Case Summary and Outcome

The U.S. Supreme Court held that the California Reproductive Freedom, Accountability, Comprehensive Care, and Transparency Act was unconstitutional. The Act required centers providing pregnancy-related services to post notices informing patients if they were not licensed medical centers and to provide posted information about low cost state-sponsored medical services. The Supreme Court (by 5-4) held that these notices requirements were content-based regulations that violated the First Amendment by forcing reproductive healthcare facilities to provide a “government-scripted” message to patients. Justice Breyer, with Justice Ginsburg, Justice Sotomayor and Justice Kagan, wrote a dissenting opinion which would have held that both notice requirements were constitutional.


The California Reproductive Freedom, Accountability, Comprehensive Care, and Transparency Act (the Act) was enacted “to ensure that California residents make their personal reproductive health care decisions knowing their rights and the health care services available to them.” The Act was considered a consumer protection regulation, compelling healthcare facilities offering reproductive services to be transparent about their licensing and to post truthful and nonmisleading information about available services in the state.

The Act defined “licensed covered facilities” as having the “primary purpose of providing family planning or pregnancy related services” and required all such facilities to post the following notice: “California has public programs that provide immediate free or low-cost access to comprehensive family planning services (including all FDA-approved methods of contraception), prenatal care, and abortion for eligible women. To determine whether you qualify, contact the county social services office at [insert the telephone number].”

The Act defined “unlicensed covered facilities” as having the “primary purpose of providing pregnancy-related services” and required all such facilities to post the following notice: “This facility is not licensed as a medical facility by the State of California and has no licensed medical provider who provides or directly supervises the provision of services”. The Act stipulated that this notice be displayed “conspicuously” onsite and be included in all advertising materials. The purpose of this notice requirement was “to ensure that pregnant women in California know when they are getting medical care from licensed professionals”.

The Act did exempt from the notice requirements several categories of clinics that would otherwise be classified as licensed covered facilities. These clinics included federally-operated clinics and “Medi-Cal clinics” (state-sponsored programs that provide free services for low-income women) that participate in the “Family Planning, Access, Care, and Treatment program (Family-PACT) which have to provide the full range of family planning services.

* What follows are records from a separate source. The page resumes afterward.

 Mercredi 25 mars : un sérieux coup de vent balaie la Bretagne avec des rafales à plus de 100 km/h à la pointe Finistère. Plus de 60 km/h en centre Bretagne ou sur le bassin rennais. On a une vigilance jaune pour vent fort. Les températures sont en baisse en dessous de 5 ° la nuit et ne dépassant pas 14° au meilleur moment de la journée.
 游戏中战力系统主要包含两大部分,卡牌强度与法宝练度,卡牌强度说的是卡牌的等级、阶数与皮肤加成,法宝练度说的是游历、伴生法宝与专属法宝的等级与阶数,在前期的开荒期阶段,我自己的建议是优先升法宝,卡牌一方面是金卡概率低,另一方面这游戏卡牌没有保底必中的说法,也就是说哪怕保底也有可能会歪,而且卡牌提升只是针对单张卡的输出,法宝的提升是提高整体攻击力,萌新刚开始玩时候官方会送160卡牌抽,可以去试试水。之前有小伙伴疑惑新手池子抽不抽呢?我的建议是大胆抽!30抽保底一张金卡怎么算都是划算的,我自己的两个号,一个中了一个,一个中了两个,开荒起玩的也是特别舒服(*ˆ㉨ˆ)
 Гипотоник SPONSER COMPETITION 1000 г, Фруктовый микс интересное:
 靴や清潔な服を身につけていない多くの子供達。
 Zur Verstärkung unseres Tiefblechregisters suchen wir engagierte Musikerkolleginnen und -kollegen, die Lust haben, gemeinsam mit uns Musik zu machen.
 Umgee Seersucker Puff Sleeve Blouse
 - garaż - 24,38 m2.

After the Act was enacted one licensed pregnancy center, one unlicensed pregnancy center and an organization composed of crisis pregnancy centers (defined in the majority judgment as “largely Christian belief-based) organizations that offer a limited range of free pregnancy options, counseling, and other services” [pp.1-2]) filed a suit alleging that the notice requirements abridged the First Amendment to the U.S. Constitution as well as their religious freedom. The District Court denied their motion for a preliminary injunction finding that the state had a compelling interest in ensuring patients understood whether they were receiving care by licensed professionals and what low cost care was provided by the state. The Court of Appeals for the Ninth Circuit affirm the lower court ruling on the grounds that the petitioners “could not show a likelihood of success on the merits” [p. 6]. The Ninth Circuit held that the licensed notice “survives the ‘lowest level of scrutiny’,” and that the unlicensed notice “satisfies any level of scrutiny” [p. 6].

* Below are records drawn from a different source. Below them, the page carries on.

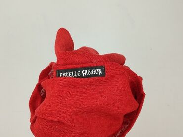 Czerwona bluzka damska z miękkiej, elastycznej dzianiny. - Fason oversize z krótkimi, opadającymi rękawkami (kimono). - Okrągły dekolt. - Dół lekko ściągnięty szerokim pasem, który ładnie układa si...
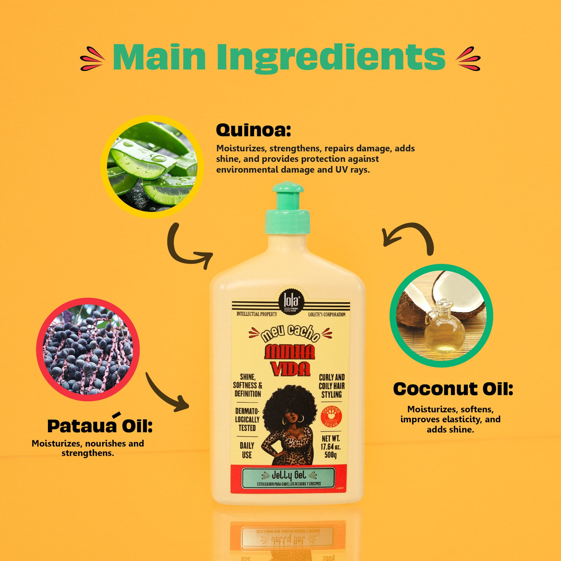 A Jelly Gel that gives vibrant curls and waves with high definition. Its moisturizing formula provides amazing frizz-free finishing and it's perfect for day after! What you need to know: It styles your curls and adds everlasting volume. Its Quinoa active and Patauá Oil provides moist that prevents the damage caused by humidity loss.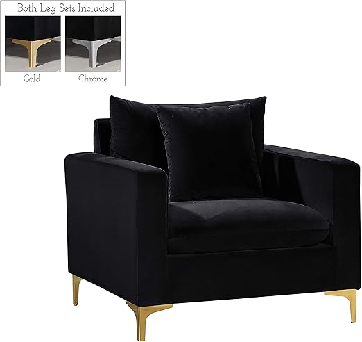 Amazon Com Meridian Furniture 633black C Naomi Collection Modern Contemporary Velvet Upholstered Chair With Stainless Steel Base In A Rich Gold Or Chrome Finish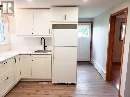 Welcome to the lower unit of this Port Colborne Duplex! This 2 bedroom, 1 bathroom unit was extensively renovated In 2021. The kitchen boasts brand new cabinets and luxury vinyl flooring and also features pot lights and ceramic tile backsplash. Primary bedroom has original hardwood flooring, a ceiling fan with a light and a deep single closet with under stair storage. Second bedroom is upstairs and has carpet flooring, a ceiling fan with a light and a double closet. The 4-piece bathroom offers luxury vinyl flooring, a new sink and vanity, dual flush toilet and a bath-fitter tub/shower. Separate laundry room from the other unit includes a washer and dryer, storage closet and laundry sink. Heat and water are included in the lease, hydro is in addition to the lease costs. Rear yard is for the enjoyment of the OTHER unit, however the small patio located just outside the rear door of this unit will be available for use. Garage will be used by the landlord and is not included with the unit. 2 driveway parking spots on the right side of the driveway. (id:64974)
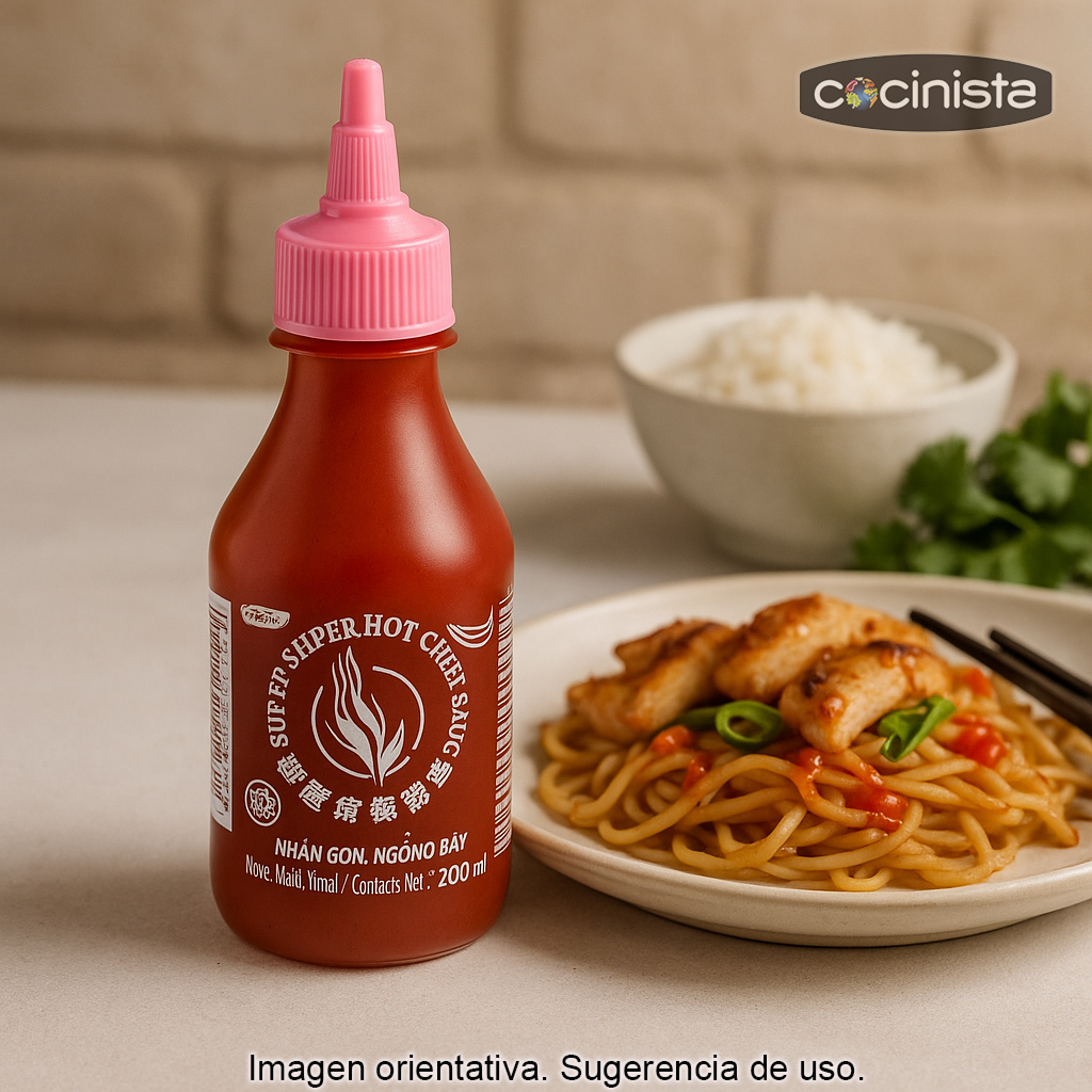 La Salsa Sriracha Picante sin Glutamato (200 ml) es una salsa tailandesa tipo Sriracha (también conocida como Siracha) con un sabor intenso y equilibrado, pensada para quienes buscan un toque picante auténtico sin añadir glutamato monosódico (MSG/MGS). Ideal para realzar tus recetas del día a día con un picante agradable y un perfil aromático muy versátil.

The Supreme Court granted the petitioners’ application to review the Ninth Circuit’s decision.

Decision Overview

Justice Thomas delivered the majority opinion of the Court and was joined by the Chief Justice Roberts, Justice Kennedy, Justice Alito and Justice Gorsuch.

The Court explained that the First Amendment – which is applicable to all States through the Fourteenth Amendment – “prohibits laws that abridge the freedom of speech” [p. 6]. The Court noted that its jurisprudence has distinguished between “content-based and content-neutral regulations of speech”, and identified the notice that licensed centers are obliged by the Act to display as content-based. The Court defined content-based regulations as those that “target speech based on its communicative content” which are presumptively unconstitutional and can only be justified if they are “narrowly tailored to serve a compelling state interest” [p. 6]. With reference to its decision in Police Dept. of Chicago v. Mosley 408 US 92, 95 (1972), the Court noted that this represents the fundamental principle that “governments have ‘no power to restrict expression because of its message, its ideas, its subject matter or its content’” [p. 7].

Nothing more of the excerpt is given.